Description of problem: Depending on the locale settings, "find -name \*" sometimes fails to find some files. How reproducible: Always. Steps to Reproduce: Type, in bash: mkdir /tmp/foo cd /tmp/foo touch $(echo -e \\351) LC_ALL=en_US.UTF-8 find -name \* | wc -l LC_ALL=en_US.iso88591 find -name \* | wc -l Actual results: /tmp/foo $ LC_ALL=en_US.UTF-8 find -name \* | wc -l 0 /tmp/foo $ LC_ALL=en_US.iso88591 find -name \* | wc -l 1 Expected results: /tmp/foo $ LC_ALL=en_US.UTF-8 find -name \* | wc -l 1 /tmp/foo $ LC_ALL=en_US.iso88591 find -name \* | wc -l 1 Additional info: OK, this filename is not a valid UTF-8 string, but it is still a valid POSIX filename.
Apparently this is the correct behaviour specified by POSIX.
Sorry, I take back my previous comment. This is a bug according to POSIX: SUSv3 says (Shell & Utilities, 2.13.2): The asterisk ( '*' ) is a pattern that shall match any string, including the null string. And it also says (Base definitions, 3.367): String: A contiguous sequence of bytes terminated by and including the first null byte.

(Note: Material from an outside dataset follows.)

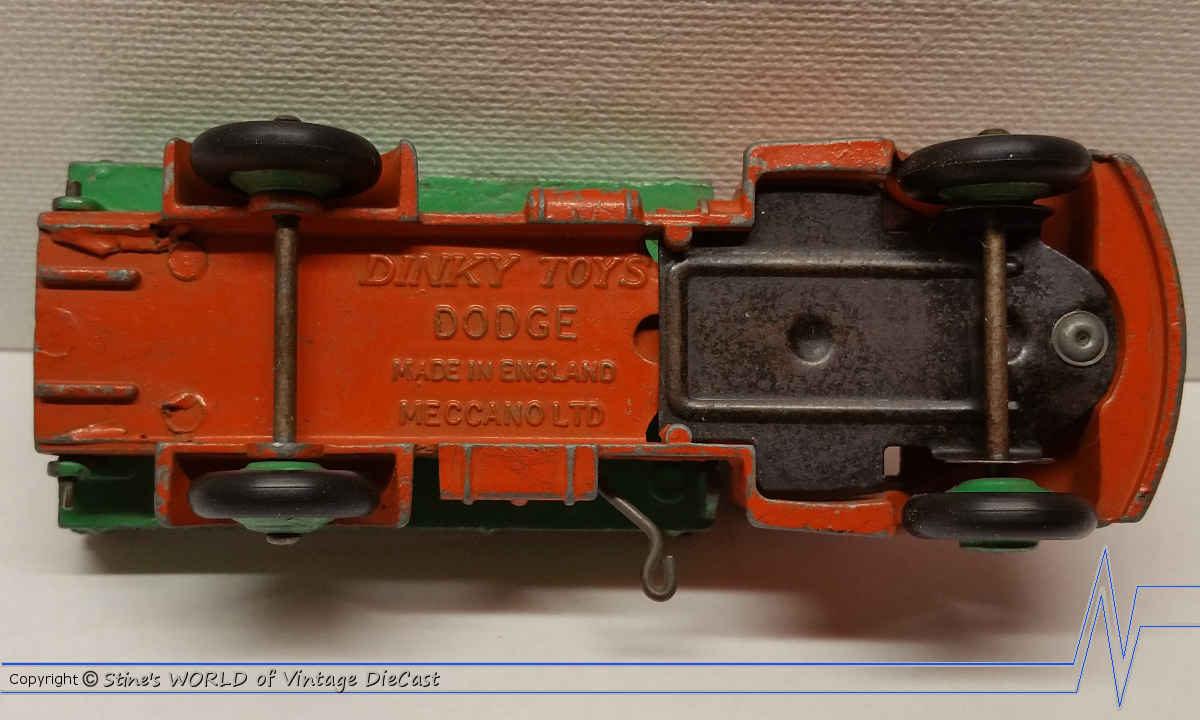 The Dodge Rear Tipping Wagon was introduced in 1950 and subsequently renumbered to 414 in 1954. This model was available in many different body colours and combination cab and chassis colours including orange, brown, blue, green and red. A handle on the side would allow the rear load to lift providing realistic action. Note, the #414 typically showed the model number on the wagon underside.

Forgot to reopen. Soooorry.
"find" just calls fnmatch(). #include <fnmatch.h> #include <locale.h> int main () { setlocale (LC_ALL, ""); return fnmatch ("*", "\351", FNM_PERIOD); } setlocale(6, "") = "en_GB.UTF-8" fnmatch("*", "\351", 4) = -1
I disagree with that interpretation. E.g. 2.13.1 says: An asterisk is a pattern that shall match multiple characters, as described in Patterns Matching Multiple Characters. \351 is not a character in UTF-8, so it shall not be matched by fnmatch.
I have three comments: 1) I still think my interpretation was right. The sentence ends with "as described in Patterns Matching Multiple Characters", so what is written in that section has precedence over what you quote. And in that section, SUSv3 says "the asterisk is a pattern that shall match any string". 2) If you still disagree with my interpretation, then you must consider that SUSv3 is inconsistent, and that should probably be reported upstream. 3) Assuming you are right, all the shells that come with FC3 are broken (sh, ash, bsh, ksh, pdksh, tcsh, csh, zsh). Indeed, with all of them, "echo \*" does display filenames which are not sequences of characters according to the locale. Should I file a bug report against each of them ?